■ **To do**: Pictures appear among the records below and must be omitted. Repeat exactly the lines from the line with "11月14日,国家金融监督管" to the line with "Bürgermeister Wolfgang Matt", both included.

■ **Data**:

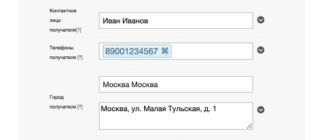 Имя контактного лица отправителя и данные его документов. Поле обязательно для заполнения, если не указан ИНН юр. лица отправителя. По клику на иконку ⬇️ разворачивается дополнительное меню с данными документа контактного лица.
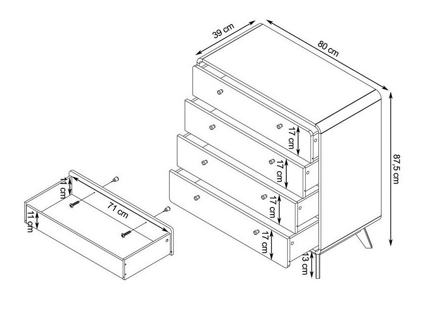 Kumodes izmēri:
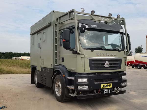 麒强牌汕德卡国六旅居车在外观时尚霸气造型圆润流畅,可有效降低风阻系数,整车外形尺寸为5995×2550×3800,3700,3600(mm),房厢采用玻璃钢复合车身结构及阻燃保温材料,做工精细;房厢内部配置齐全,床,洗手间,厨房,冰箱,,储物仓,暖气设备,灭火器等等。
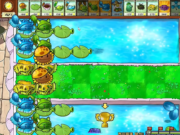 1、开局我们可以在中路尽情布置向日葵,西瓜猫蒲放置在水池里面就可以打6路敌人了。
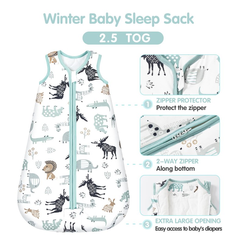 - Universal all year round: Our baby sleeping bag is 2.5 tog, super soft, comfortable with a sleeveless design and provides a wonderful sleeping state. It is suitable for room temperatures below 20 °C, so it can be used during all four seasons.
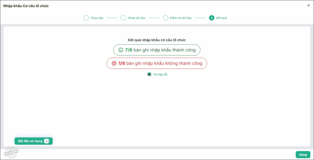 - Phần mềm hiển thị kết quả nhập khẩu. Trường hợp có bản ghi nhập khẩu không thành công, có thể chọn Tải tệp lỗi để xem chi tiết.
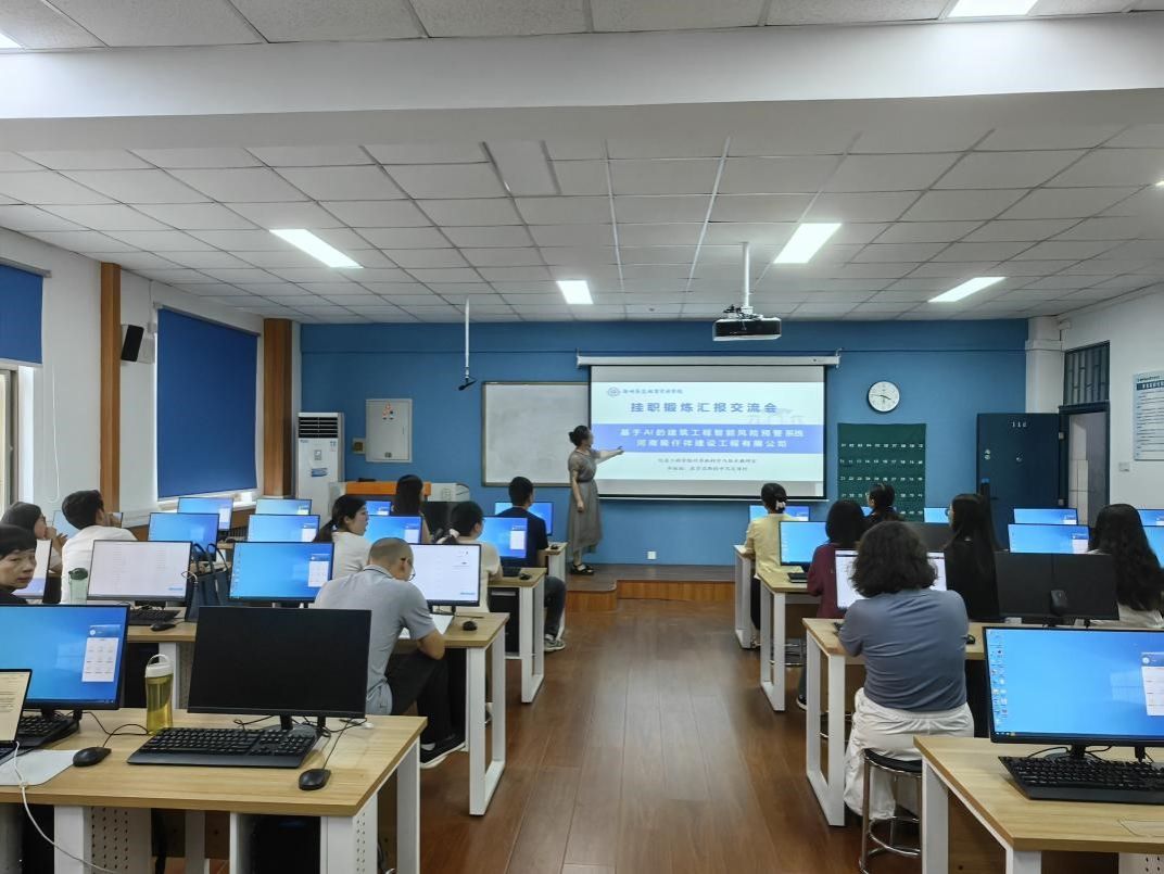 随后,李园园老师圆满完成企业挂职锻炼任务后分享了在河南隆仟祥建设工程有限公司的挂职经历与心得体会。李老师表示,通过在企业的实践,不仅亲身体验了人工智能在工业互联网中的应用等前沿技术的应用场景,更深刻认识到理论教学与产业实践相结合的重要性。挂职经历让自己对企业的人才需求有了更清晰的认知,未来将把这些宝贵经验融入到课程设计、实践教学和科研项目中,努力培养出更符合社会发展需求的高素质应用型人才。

* * *

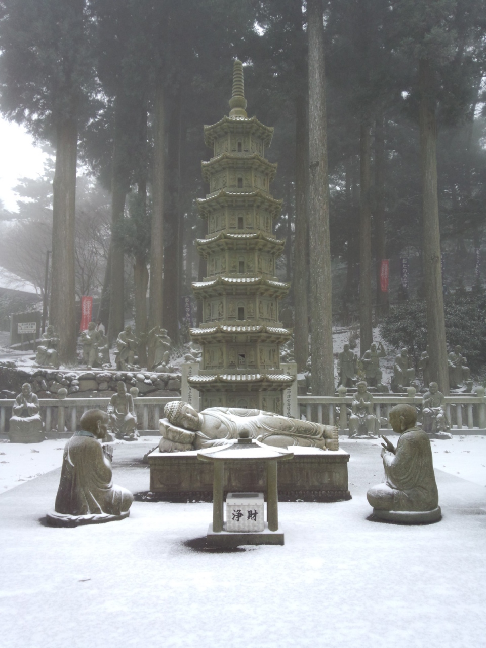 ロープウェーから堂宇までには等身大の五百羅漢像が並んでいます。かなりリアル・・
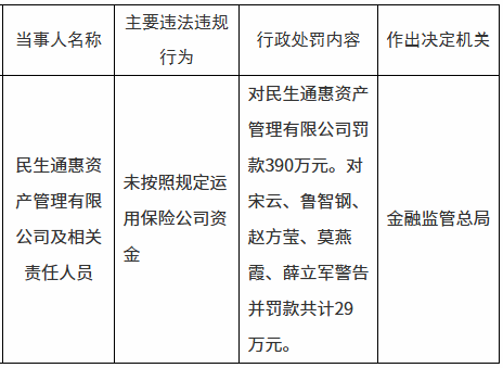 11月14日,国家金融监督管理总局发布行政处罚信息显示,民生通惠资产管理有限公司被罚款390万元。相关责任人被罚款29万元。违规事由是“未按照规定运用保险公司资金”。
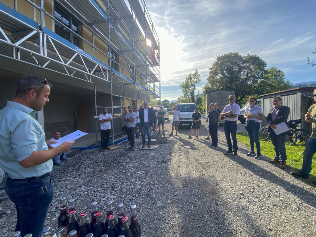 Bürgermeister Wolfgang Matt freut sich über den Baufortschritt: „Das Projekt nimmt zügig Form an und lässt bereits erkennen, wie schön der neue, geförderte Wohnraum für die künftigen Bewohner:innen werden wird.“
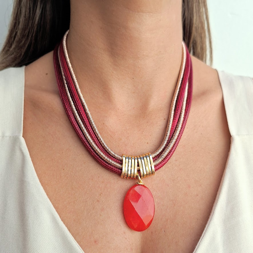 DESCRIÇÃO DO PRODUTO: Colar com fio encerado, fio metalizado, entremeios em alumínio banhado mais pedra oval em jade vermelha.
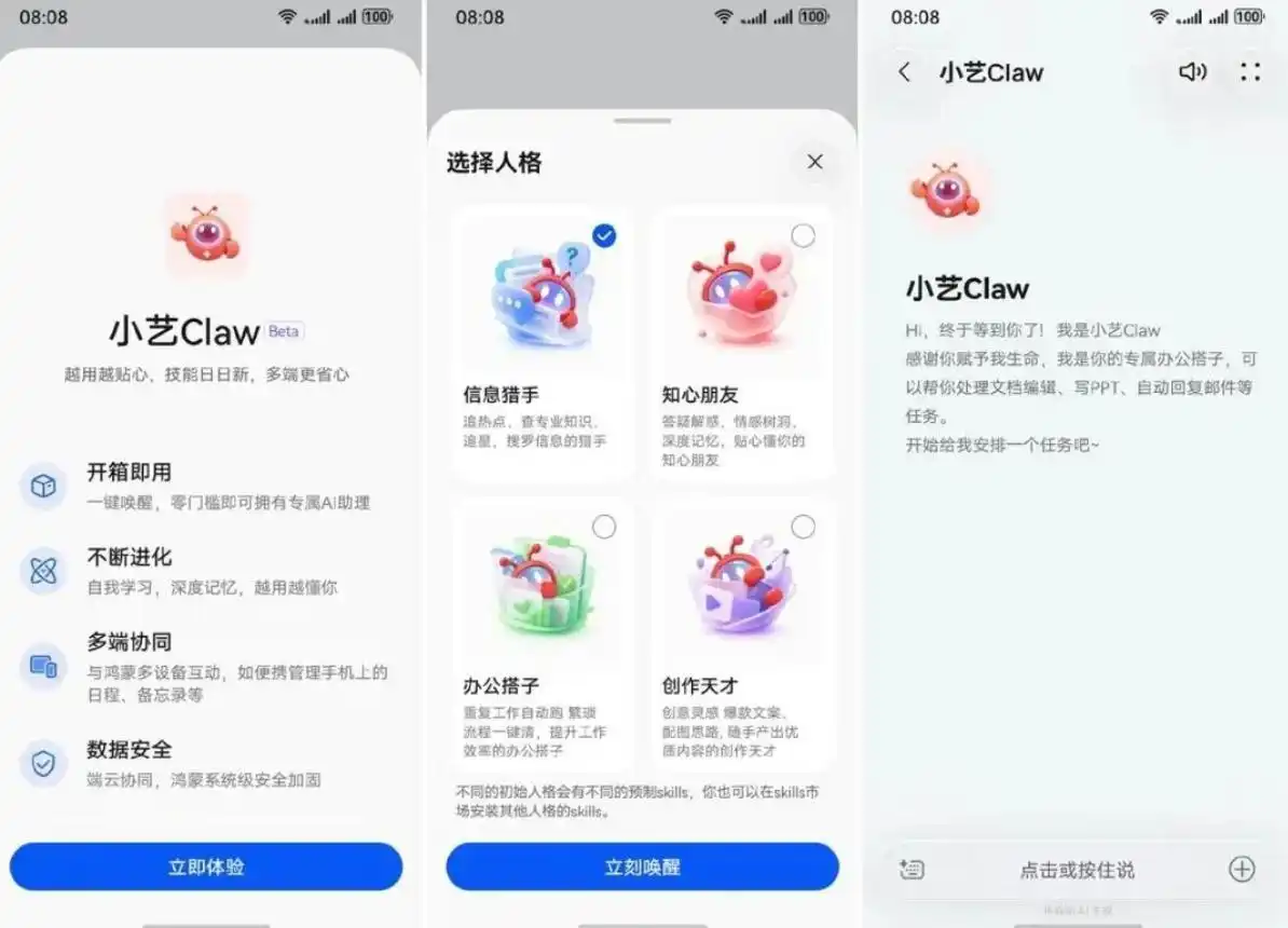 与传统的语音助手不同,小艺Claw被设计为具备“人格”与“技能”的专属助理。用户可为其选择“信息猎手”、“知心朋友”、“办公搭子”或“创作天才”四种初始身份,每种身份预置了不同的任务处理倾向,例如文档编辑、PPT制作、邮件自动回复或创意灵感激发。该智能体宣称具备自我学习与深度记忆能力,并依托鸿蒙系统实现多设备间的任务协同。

...

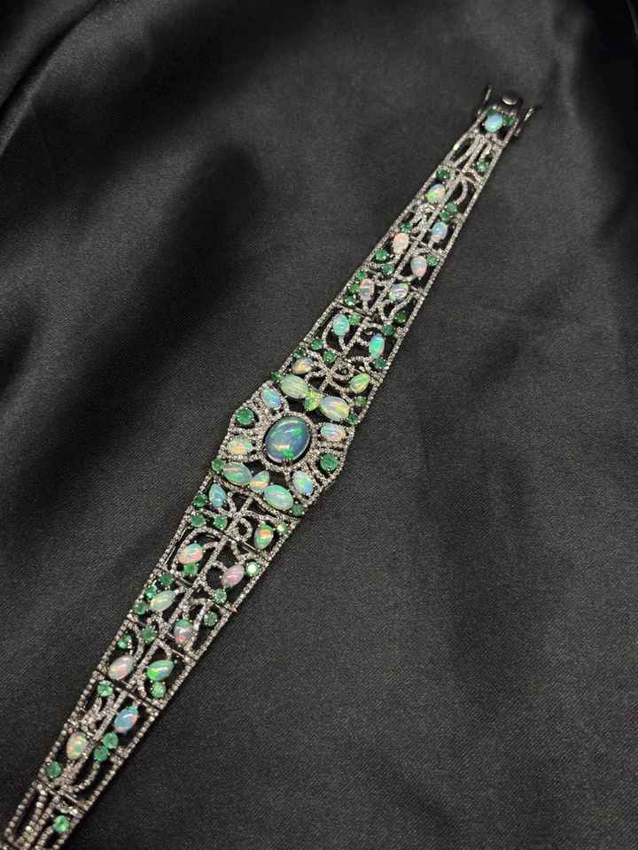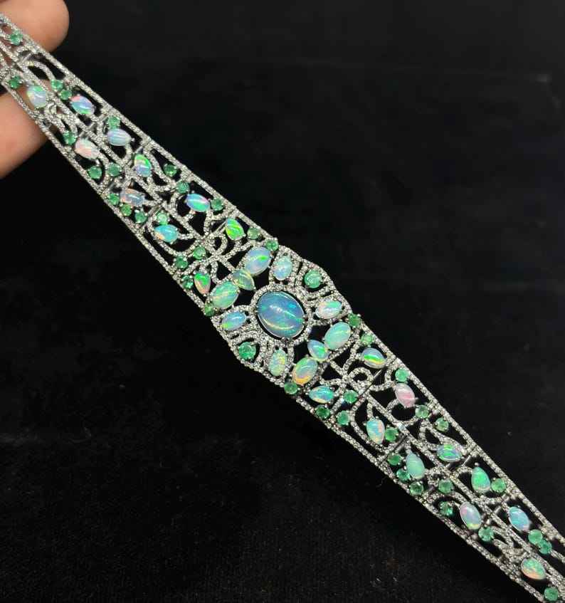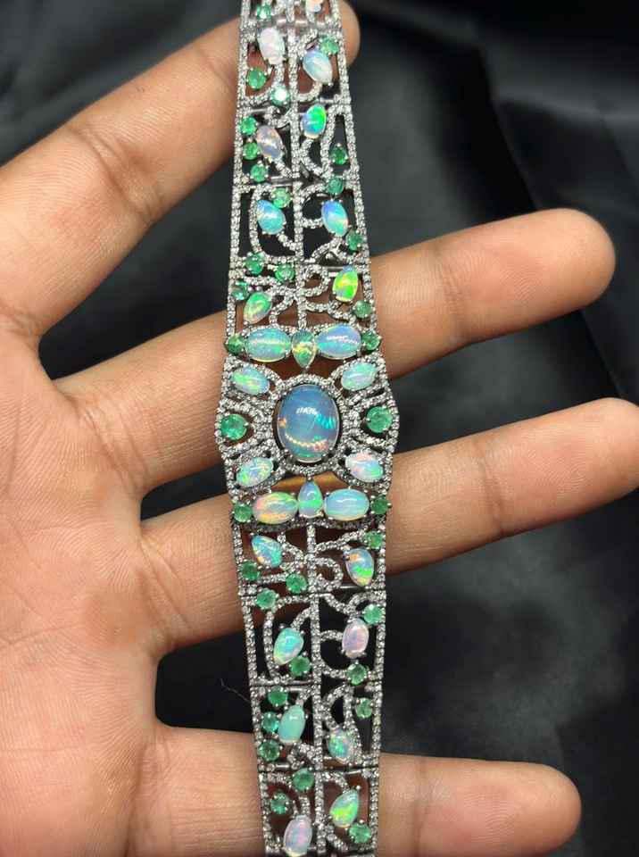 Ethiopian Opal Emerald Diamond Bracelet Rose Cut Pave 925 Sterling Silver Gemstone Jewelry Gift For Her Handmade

■ **Your response**:
 11月14日,国家金融监督管理总局发布行政处罚信息显示,民生通惠资产管理有限公司被罚款390万元。相关责任人被罚款29万元。违规事由是“未按照规定运用保险公司资金”。
 Bürgermeister Wolfgang Matt freut sich über den Baufortschritt: „Das Projekt nimmt zügig Form an und lässt bereits erkennen, wie schön der neue, geförderte Wohnraum für die künftigen Bewohner:innen werden wird.“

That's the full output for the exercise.